Start of SUPPLIED INFORMATION
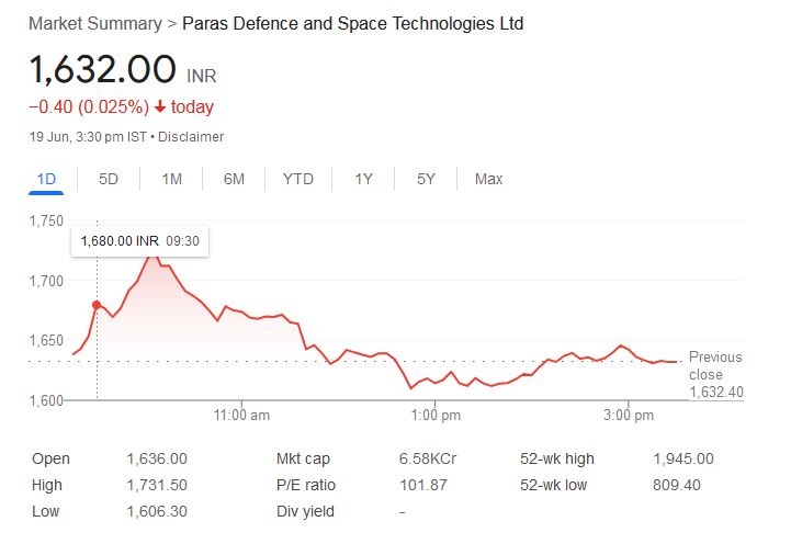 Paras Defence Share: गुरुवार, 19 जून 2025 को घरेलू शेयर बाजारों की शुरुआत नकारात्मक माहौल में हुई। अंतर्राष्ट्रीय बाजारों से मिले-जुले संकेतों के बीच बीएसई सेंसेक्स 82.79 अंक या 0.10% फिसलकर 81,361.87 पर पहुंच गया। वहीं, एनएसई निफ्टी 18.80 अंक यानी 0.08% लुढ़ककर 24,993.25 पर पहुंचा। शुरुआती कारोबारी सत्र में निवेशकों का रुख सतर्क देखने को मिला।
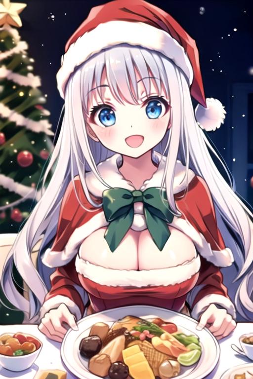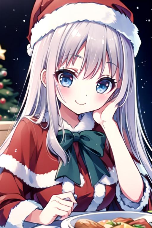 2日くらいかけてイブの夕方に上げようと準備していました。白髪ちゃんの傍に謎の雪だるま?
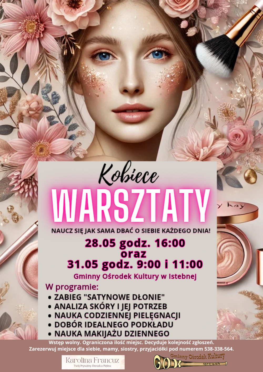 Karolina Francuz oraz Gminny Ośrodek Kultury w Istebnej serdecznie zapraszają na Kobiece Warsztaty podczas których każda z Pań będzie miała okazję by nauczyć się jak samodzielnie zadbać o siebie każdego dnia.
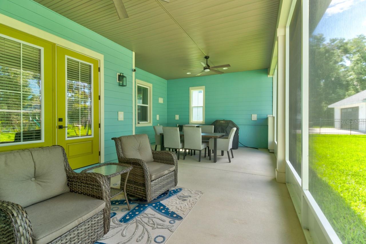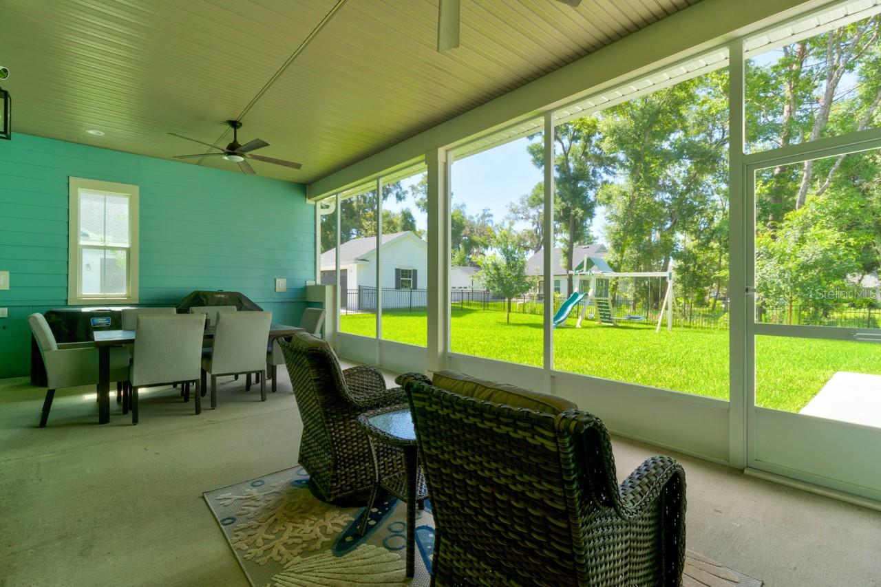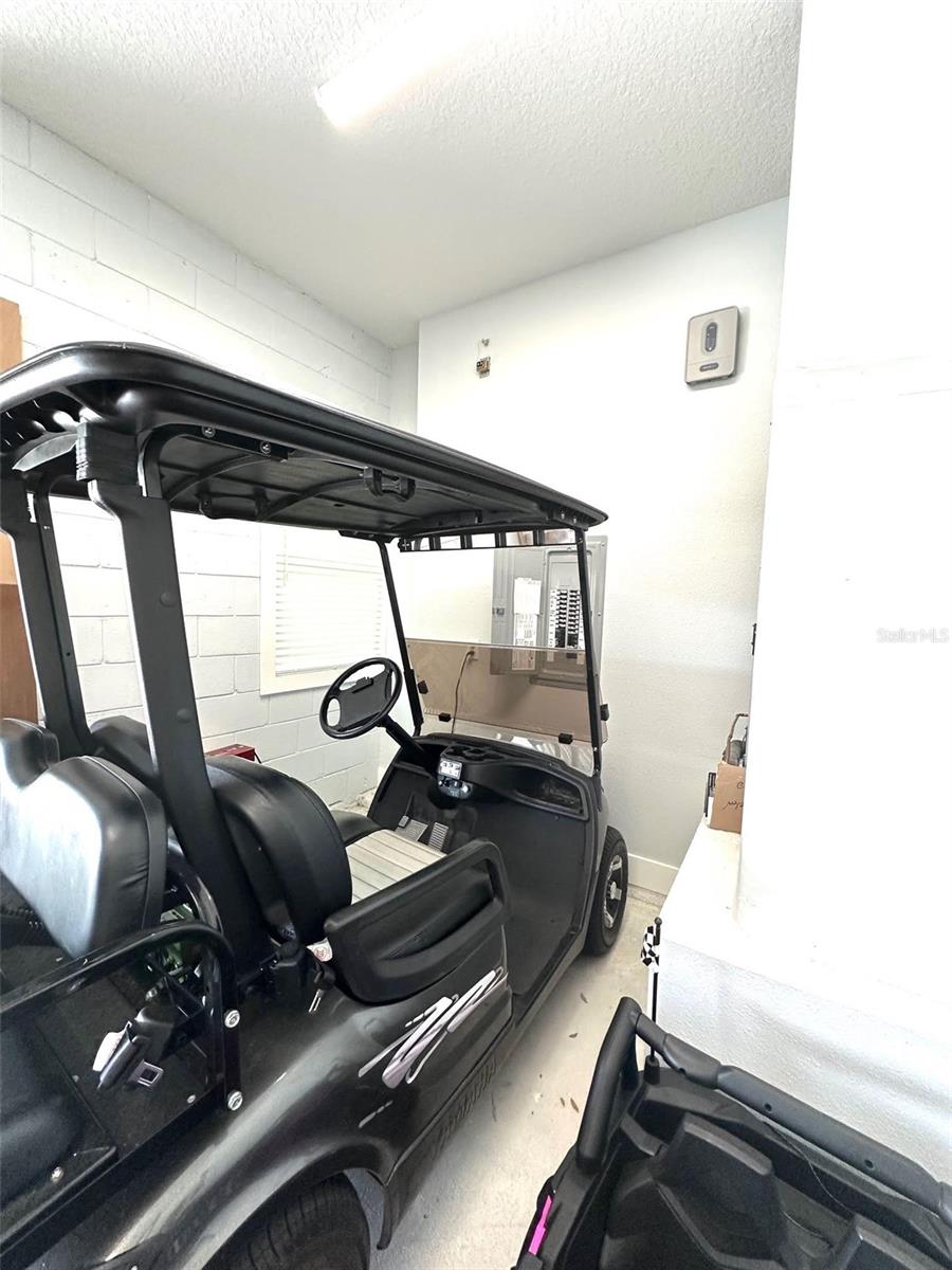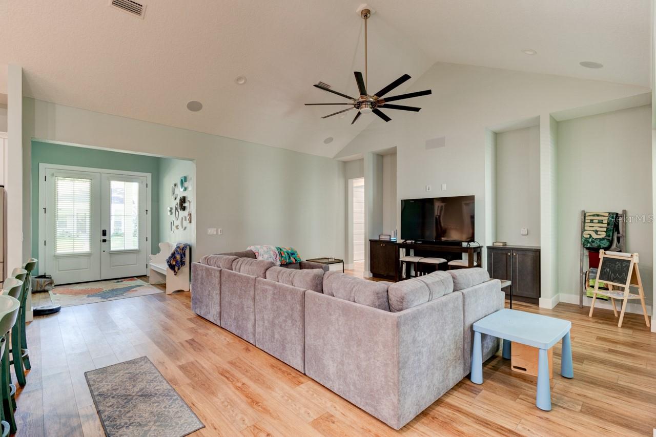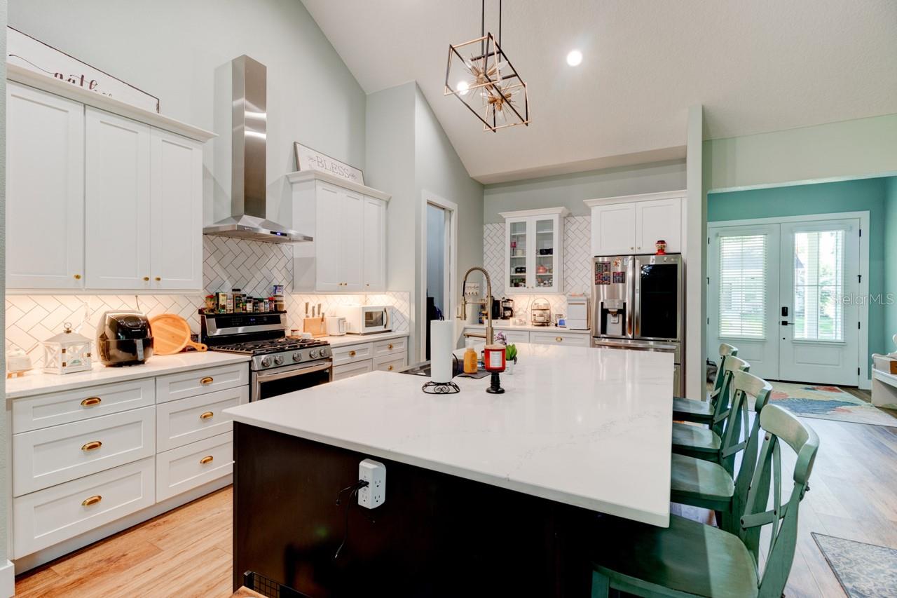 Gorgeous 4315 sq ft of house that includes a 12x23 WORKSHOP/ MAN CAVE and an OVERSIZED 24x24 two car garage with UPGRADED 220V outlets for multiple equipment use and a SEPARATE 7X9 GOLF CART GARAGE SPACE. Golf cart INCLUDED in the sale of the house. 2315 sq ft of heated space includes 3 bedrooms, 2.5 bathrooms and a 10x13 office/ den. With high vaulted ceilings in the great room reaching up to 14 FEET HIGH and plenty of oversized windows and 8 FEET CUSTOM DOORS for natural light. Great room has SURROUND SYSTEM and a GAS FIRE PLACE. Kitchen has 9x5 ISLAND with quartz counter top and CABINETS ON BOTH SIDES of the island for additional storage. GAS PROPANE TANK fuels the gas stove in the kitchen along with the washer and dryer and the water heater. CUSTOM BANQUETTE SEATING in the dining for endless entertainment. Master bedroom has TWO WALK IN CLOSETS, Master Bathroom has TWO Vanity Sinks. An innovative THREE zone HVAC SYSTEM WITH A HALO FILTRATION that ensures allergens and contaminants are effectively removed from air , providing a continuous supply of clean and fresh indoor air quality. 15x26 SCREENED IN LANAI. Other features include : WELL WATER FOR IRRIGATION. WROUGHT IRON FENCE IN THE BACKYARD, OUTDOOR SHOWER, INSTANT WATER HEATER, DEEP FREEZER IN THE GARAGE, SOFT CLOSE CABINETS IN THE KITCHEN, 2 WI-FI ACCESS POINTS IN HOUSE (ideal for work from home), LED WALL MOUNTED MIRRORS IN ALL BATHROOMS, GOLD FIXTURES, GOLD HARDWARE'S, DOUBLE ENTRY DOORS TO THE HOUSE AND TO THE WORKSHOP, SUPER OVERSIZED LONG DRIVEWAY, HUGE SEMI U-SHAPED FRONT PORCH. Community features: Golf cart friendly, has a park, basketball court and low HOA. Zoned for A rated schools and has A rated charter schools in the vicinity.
End of SUPPLIED INFORMATION
§ TO DO
Begin at the first line of the data above and repeat each line exactly, stopping after the line containing "Karolina Francuz oraz". Omit the pictures.

§ OUTPUT BELOW
 Paras Defence Share: गुरुवार, 19 जून 2025 को घरेलू शेयर बाजारों की शुरुआत नकारात्मक माहौल में हुई। अंतर्राष्ट्रीय बाजारों से मिले-जुले संकेतों के बीच बीएसई सेंसेक्स 82.79 अंक या 0.10% फिसलकर 81,361.87 पर पहुंच गया। वहीं, एनएसई निफ्टी 18.80 अंक यानी 0.08% लुढ़ककर 24,993.25 पर पहुंचा। शुरुआती कारोबारी सत्र में निवेशकों का रुख सतर्क देखने को मिला।
 2日くらいかけてイブの夕方に上げようと準備していました。白髪ちゃんの傍に謎の雪だるま?
 Karolina Francuz oraz Gminny Ośrodek Kultury w Istebnej serdecznie zapraszają na Kobiece Warsztaty podczas których każda z Pań będzie miała okazję by nauczyć się jak samodzielnie zadbać o siebie każdego dnia.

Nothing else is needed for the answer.